__About this exercise__:
From the records below, transcribe only the lines running from the one with "Abbildung 3: Luftbild Ende März 2020." through the one with "Das Baugebiet ist". Keep both of those end lines.

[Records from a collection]
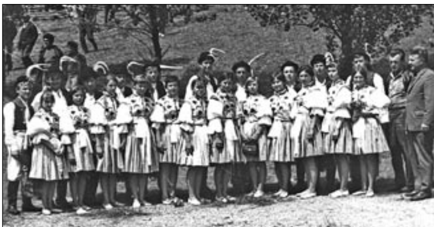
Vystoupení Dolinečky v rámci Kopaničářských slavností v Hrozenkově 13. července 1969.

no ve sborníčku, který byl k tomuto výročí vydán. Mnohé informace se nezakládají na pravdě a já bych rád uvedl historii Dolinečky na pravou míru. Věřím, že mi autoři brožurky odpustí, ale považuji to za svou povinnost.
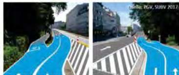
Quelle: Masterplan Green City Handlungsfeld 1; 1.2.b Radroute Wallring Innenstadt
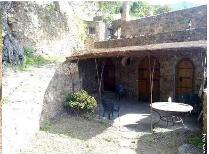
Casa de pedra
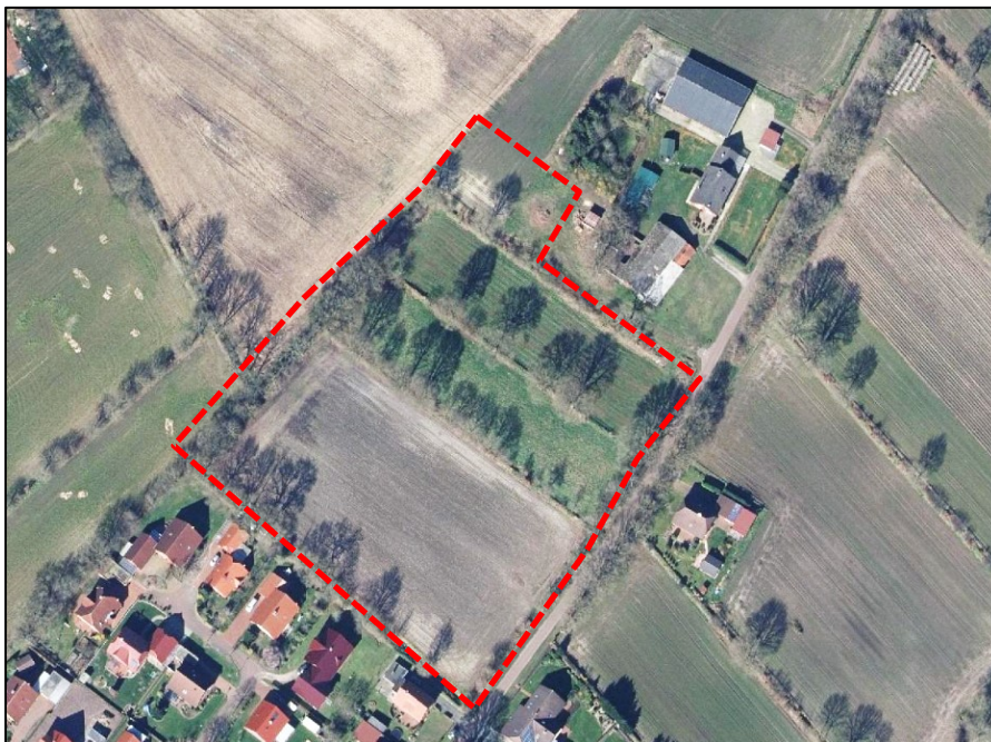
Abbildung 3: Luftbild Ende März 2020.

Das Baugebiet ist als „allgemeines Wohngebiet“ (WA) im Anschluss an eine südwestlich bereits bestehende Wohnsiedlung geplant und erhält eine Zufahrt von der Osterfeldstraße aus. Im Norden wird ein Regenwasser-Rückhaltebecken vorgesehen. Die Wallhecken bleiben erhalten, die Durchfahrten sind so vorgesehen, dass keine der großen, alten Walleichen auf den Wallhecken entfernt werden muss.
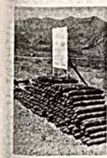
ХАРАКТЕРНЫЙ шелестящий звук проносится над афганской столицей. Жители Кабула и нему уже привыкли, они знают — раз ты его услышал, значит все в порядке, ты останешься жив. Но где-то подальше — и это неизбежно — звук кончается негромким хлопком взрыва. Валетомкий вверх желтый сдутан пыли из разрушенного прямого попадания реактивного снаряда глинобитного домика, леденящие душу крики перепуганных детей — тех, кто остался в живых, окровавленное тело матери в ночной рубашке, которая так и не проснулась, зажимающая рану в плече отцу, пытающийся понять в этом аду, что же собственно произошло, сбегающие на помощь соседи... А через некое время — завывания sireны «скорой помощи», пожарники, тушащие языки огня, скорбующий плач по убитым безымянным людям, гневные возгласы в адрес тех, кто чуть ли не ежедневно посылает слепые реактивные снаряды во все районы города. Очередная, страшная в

__Answer space__:
Abbildung 3: Luftbild Ende März 2020.

Das Baugebiet ist als „allgemeines Wohngebiet“ (WA) im Anschluss an eine südwestlich bereits bestehende Wohnsiedlung geplant und erhält eine Zufahrt von der Osterfeldstraße aus. Im Norden wird ein Regenwasser-Rückhaltebecken vorgesehen. Die Wallhecken bleiben erhalten, die Durchfahrten sind so vorgesehen, dass keine der großen, alten Walleichen auf den Wallhecken entfernt werden muss.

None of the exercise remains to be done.